By DAN MARGOLIES
Kansas News Service
A lawsuit brought by one of 100 military veterans who were sexually abused by a physician assistant at the VA hospital in Leavenworth will determine if the federal government is liable for damages in what the plaintiff’s lawyer described as “the largest sexual abuse scandal in the history of the VA.”
“Countless veterans have never gotten their day in court, have never gotten justice,” the lawyer, Daniel A. Thomas, said in opening statements at the federal trial, which began today. “And more importantly, not a single person from the VA has ever been held accountable.”
The physician assistant, Mark Wisner, was convicted at a criminal trial in 2017 of aggravated sexual battery and aggravated criminal sodomy and sentenced to 15 years and seven months in prison. Around 100 of his victims separately filed civil suits seeking damages against the federal government for his actions as an agent of the government.
More than 80 of them settled their lawsuits last year for a total of $7 million. But a few of them refused to settle, and the trial of the first of those cases, which got underway this morning via Zoom video conference, will determine whether the government will have to pay out additional damages.
The case is being tried without a jury in federal court in Kansas City, Kansas, before U.S. District Judge Daniel D. Crabtree. The trial is expected to last through the end of the week.
The plaintiff in the case is identified in court documents only by the fictitious name John Doe.
The government does not dispute that Wisner sexually molested veterans of America’s wars in Iraq and Afghanistan, including Doe, by conducting unnecessary genital and rectal exams on them and then overprescribing opioids and other pain medications to make them dependent on him.

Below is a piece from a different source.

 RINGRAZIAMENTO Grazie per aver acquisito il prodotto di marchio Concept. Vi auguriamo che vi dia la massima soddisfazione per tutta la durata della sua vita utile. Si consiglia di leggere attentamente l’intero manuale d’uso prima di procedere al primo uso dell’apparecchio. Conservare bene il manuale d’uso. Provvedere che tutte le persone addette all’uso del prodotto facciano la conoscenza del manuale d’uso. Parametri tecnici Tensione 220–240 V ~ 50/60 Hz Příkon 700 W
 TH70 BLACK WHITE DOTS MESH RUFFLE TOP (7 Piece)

“Indeed, all who have heard about these matters cannot help but be outraged,” Justice Department lawyer Larry Eiser, who represents the government in the case, said in his opening statement. “A sexual predator in the guise of a health care provider preying upon wounded warriors – outrageous.”
But the government says that it should not be held liable because Wisner’s conduct was outside the scope of his employment and because the damages Doe is seeking – payment for a lifetime of medical treatment – are excessive.

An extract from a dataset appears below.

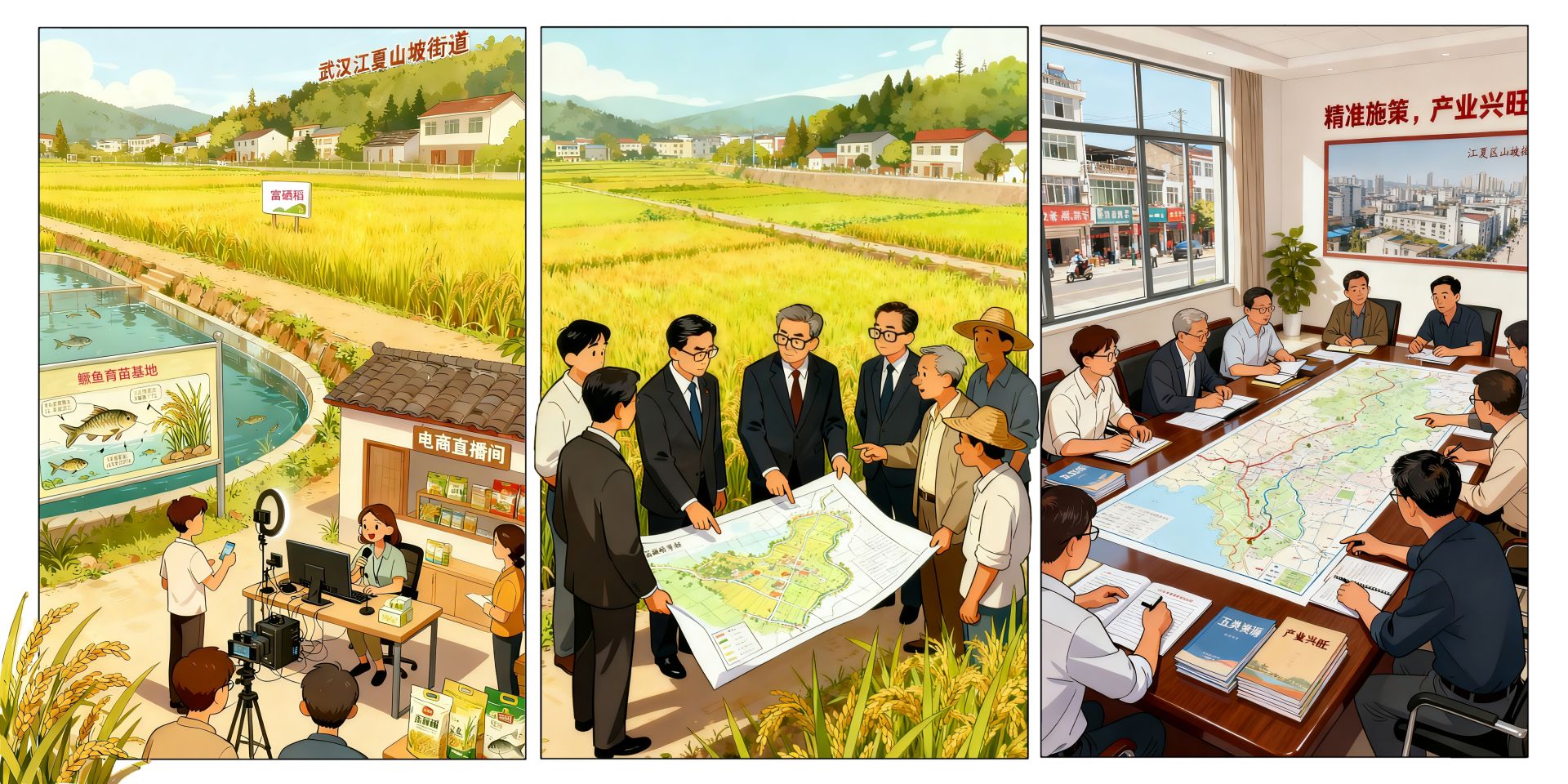 将“规划图”转变为“施工图”,并引导组织确定方向。区域振兴的高层设计是大“规划”,但如果没有基层组织的精准“翻译”,很容易出问题。组织的第一个任务国家领导就是当好“总设计师”和“项目经理”,把宏观经济政策细化为适应本地实际的“建设规划”。为此,要求党的基层组织要“上情下情”,既深刻领会中央精神,又准确认识村庄的资源禀赋、产业基础、文化特色。例如,武汉市江夏山区就实施了“五类资源”分类政策。它是一种组织力量,在详细研判的基础上,将“产业繁荣”的宏观需求转化为“柑橘田、富稻田、硒化、闲置农业建筑振兴”等一系列具体、可执行的项目。组织领导力就是将“通用的徒手笔触”融入其中把高层设计融入基层实践的“精心绘制”,确保振兴的每一步都走在正确的轨道上。
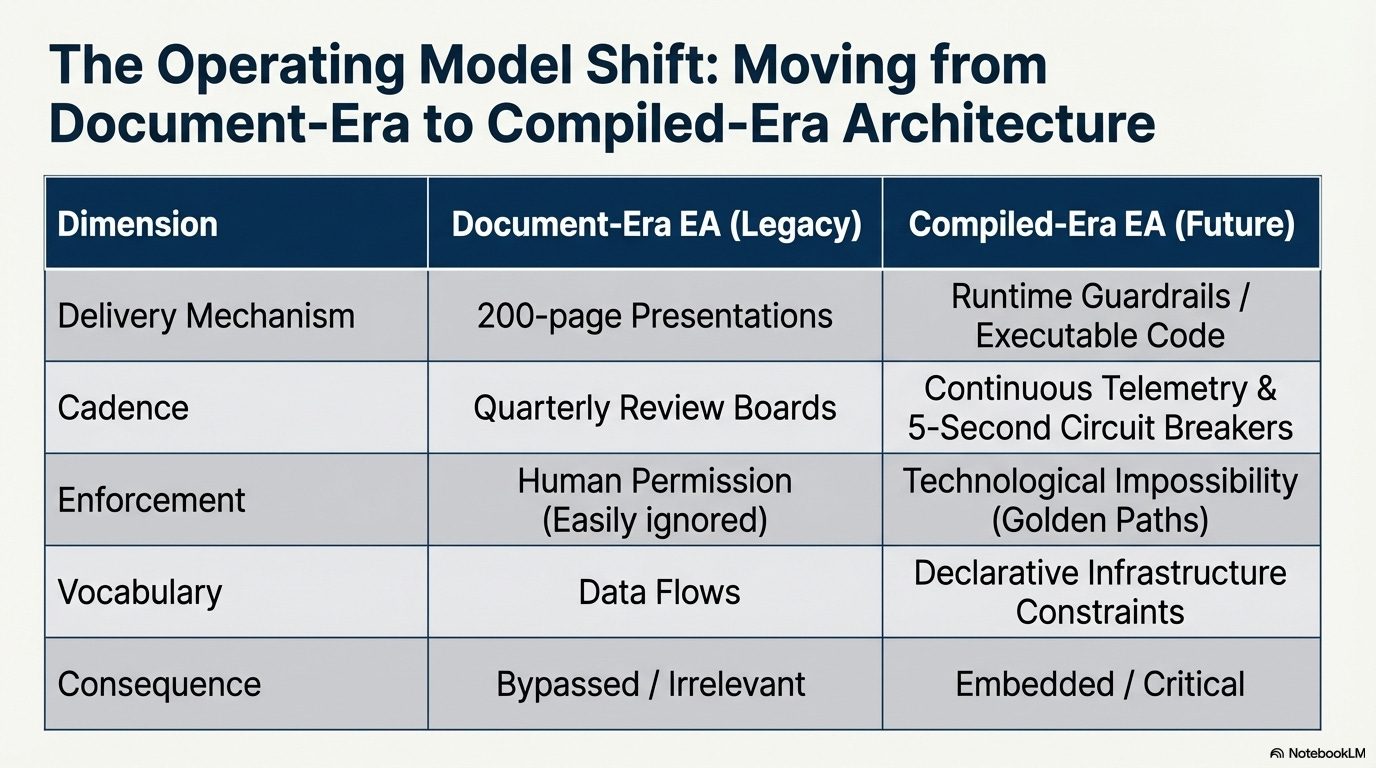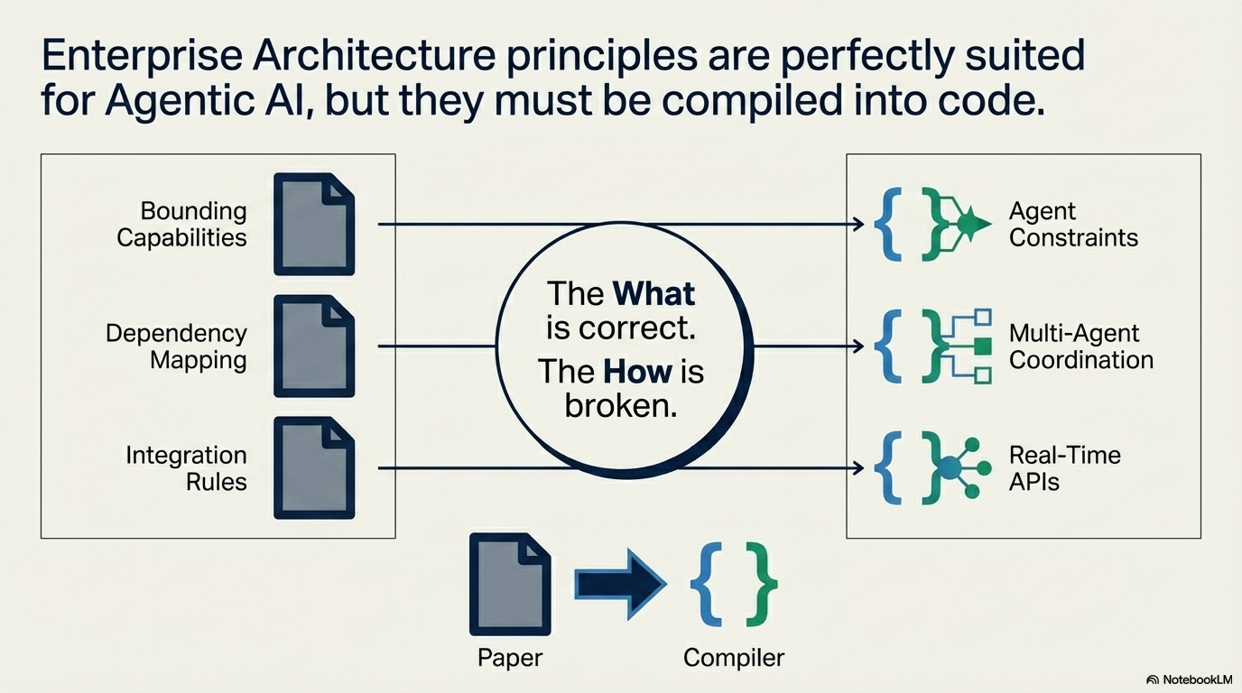 The principles EA has championed for decades are exactly what agentic AI systems need. But those principles must be compiled: turned from static documents into constraints that execute at the speed of the systems they govern.

“We accept that plaintiff was abused by Mr. Wisner,” Eiser told Crabtree. “We accept his version of the facts of his encounters with Mr. Wisner. We will not dispute that he was subjected to unnecessary, ungloved genital examinations of two to three minutes in duration during each and every one of his nine encounters with Mr. Wisner over a two-year period in 2012 to 2014.”
But Eiser said that the plaintiff’s damage claims were unsupported by the evidence and “untethered to reality” because they asked the government to pay for treatment of mental health conditions and other ailments that preceded the plaintiff’s encounters with Wisner.
Thomas, the plaintiff’s attorney, said that his client’s PTSD was exacerbated by Wisner, whom he said was the subject of numerous complaints that the VA failed to follow up and investigate.
One of Wisner’s patients was admitted to a psychiatric unit after he was overheard threatening to kill Wisner, Thomas said. That patient later killed himself.
“They just didn’t believe the victim,” Thomas said. “It’s a scenario that played out repeatedly with Wisner’s victims over a period of years. One hundred victims over six years.”
Earlier this year, another federal judge, Carlos Murguia, threw out the plaintiff’s claims against the government for negligent supervision of Wisner. Murguia found that the plaintiff had failed to assert that claim during an earlier, administrative part of the case.
The case was reassigned to Crabtree in February after Murguia announced his resignation from the court following his public reprimand for sexual harassment and workplace misconduct.